Beyond Release: Access Considerations for Generative AI Systems
This work addresses the gap in understanding access tradeoffs for stakeholders in AI system deployment, though it is incremental as it builds on existing release frameworks.
The paper tackles the problem that release decisions for generative AI systems do not address practical access considerations, which affect risks and benefits, by deconstructing access into resourcing, technical usability, and utility variables and applying this framework to compare four high-performance language models.
Generative AI release decisions determine whether system components are made available, but release does not address many other elements that change how users and stakeholders are able to engage with a system. Beyond release, access to system components informs potential risks and benefits. Access refers to practical needs, infrastructurally, technically, and societally, in order to use available components in some way. We deconstruct access along three axes: resourcing, technical usability, and utility. Within each category, a set of variables per system component clarify tradeoffs.
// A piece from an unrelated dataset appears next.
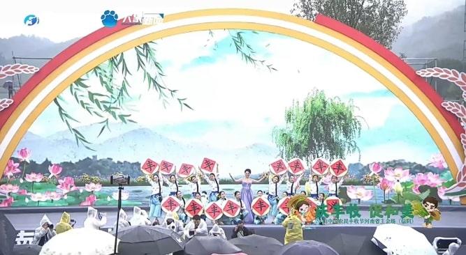伟德vb伟德vb六十余名师生参与此次节目录制。师生们不畏风雨,以热情饱满的精神状态投入到《八月桂花遍地开》《对花》和由我校刘小雷、冯燕老师原创的非遗花挑舞《淮水花挑情》节目的表演中。同学们将自身专业技能淋漓尽致展现于丰收节节目中,呈现了昂扬向上的精神面貌,掀起了演出的一阵阵高潮,受到市委领导、河南省电视台等相关单位和现场观众的一致好评。

For example, resourcing requires access to computing infrastructure to serve model weights. We also compare the accessibility of four high performance language models, two open-weight and two closed-weight, showing similar considerations for all based instead on access variables. Access variables set the foundation for being able to scale or increase access to users; we examine the scale of access and how scale affects ability to manage and intervene on risks. This framework better encompasses the landscape and risk-benefit tradeoffs of system releases to inform system release decisions, research, and policy.